Mongold and fellow senior Nidhi Vinod assessed forest management needs and possibilities in Park Woods, while Ethan Mathews and John Dudley focused on water management, and Victoria Barnes and Xander Silva mapped the stakeholders.

Park Woods is plagued with the invasive bush honeysuckle, plus emerald ash borer, which has caused the death of nearly all of the ash trees there. It also faces frequent flooding from rainfall runoff from elevated surroundings; a diversion dike along its southeast edge retains water in order to prevent flooding of and the dispersion of sediments into the Harrisonburg creek Blacks Run.

Along with the dead ash trees, that flooding threatens or destroys parts of the Park Woods walking path, a winding trail that, along with the fire circle, the pavilion, and, in years past, Park Cabin, is responsible for attracting many of the woods’ stakeholders: VMRC residents, nearby community members, Eastern Mennonite School students, and EMU alumni and student groups.
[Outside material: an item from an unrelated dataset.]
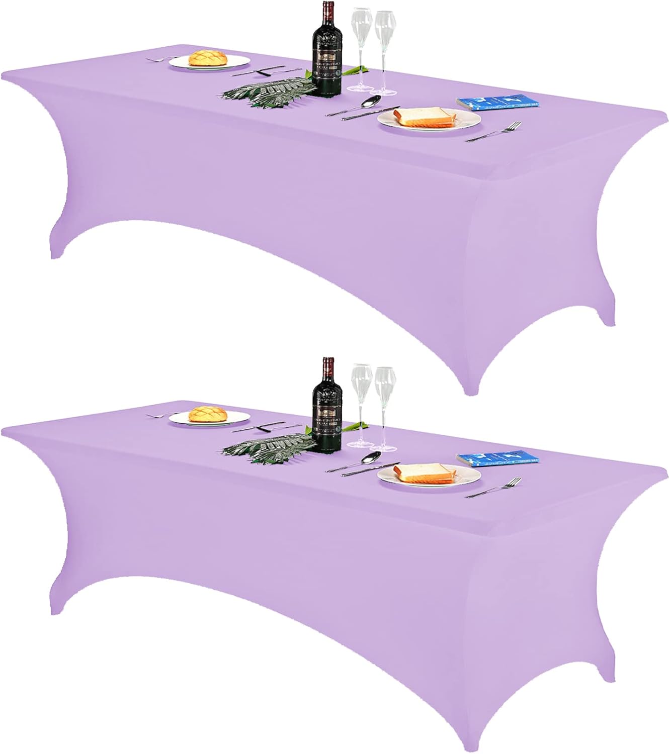 FORLIFE 2Pack Spandex Table Covers,Fitted Tablecloth for Rectangular Tables, Stretch Patio Table Covers, Universal Spandex Table Cover for Wedding, Banquet, Party (8ft, Lavender)

One alumni group, Friends of Park Woods, was organized a few years ago by Paul Lehman and Professor Emeritus Kenton Brubaker and has done much to bring attention to the plight of the woods. 

Moving forward

The capstone students pointed to possible interventions in Park Woods, including community volunteers and even goats to remove invasive plant species. 

Ethan Mathews (left) and John Dudley focused on water management in Park Woods. This diversion dike along its southeast edge retains water from rainfall runoff from elevated surroundings.

For water management, defining waterways and constructing a wet pond would make the woods both more healthy and attractive, said Mathews, with the pond in particular becoming “a nice place for anybody to come enjoy.”

Even with a limited budget, Barnes said, small improvements – in signage, for example – would promote student use of the woods. And adding bathrooms in Park Cabin would benefit guests, as well.

Intervening, though, takes balance, said Silva. 

“I think the biggest thing I learned was finding the line between maximum utility of a space and keeping it a natural ecosystem,” he said. “There are a lot of things that we could do here that would make it a lot more appealing for students and just humans in general, but I also think there are a lot of things that are really special about this place that we really shouldn’t change. … you kind of have to step back and say this space has its own ideas of what it wants to do, and that has to be taken into account.”

“I would like to come back in 10 years and seeing more than just honeysuckle and ivy,” Mongold said. 

That may be doable – but other hopes are less likely.

“I would really like to see some ash trees through here,” she added, “but I don’t think that’s possible.”

Discussion on “A ‘live project’ for environmental sustainability students: Park Woods

  1. It is gratifying to see continuing interest of students in the ecological well-being of Park Woods. May their efforts prosper.

    For an historical perspective, it may be of interest to go to the EMU Library and dust off a copy of a thesis I wrote 60 years ago for a Master’s degree at Cornell University on the vascular plants and vertebrates of Park Woods.

  2. EMU Community–Thank you for the interest in the welfare of Park Woods. The woodlot there has a great history—but slowly over the past decades nature has taken its route forming a condition not unlike Waterman’s Woods along Waterman Drive a mile away.
    When the crowns of a tree lot don’t annually shade the ground under, the prolific growth of understory results–very varied with undesirable vegetation taking over.
    You have a daunting task to deal with water control, undesirable undergrowth removal, and overall maintenance—new plantings as necessary. Best wishes on any improvements —It will be work with a capital W.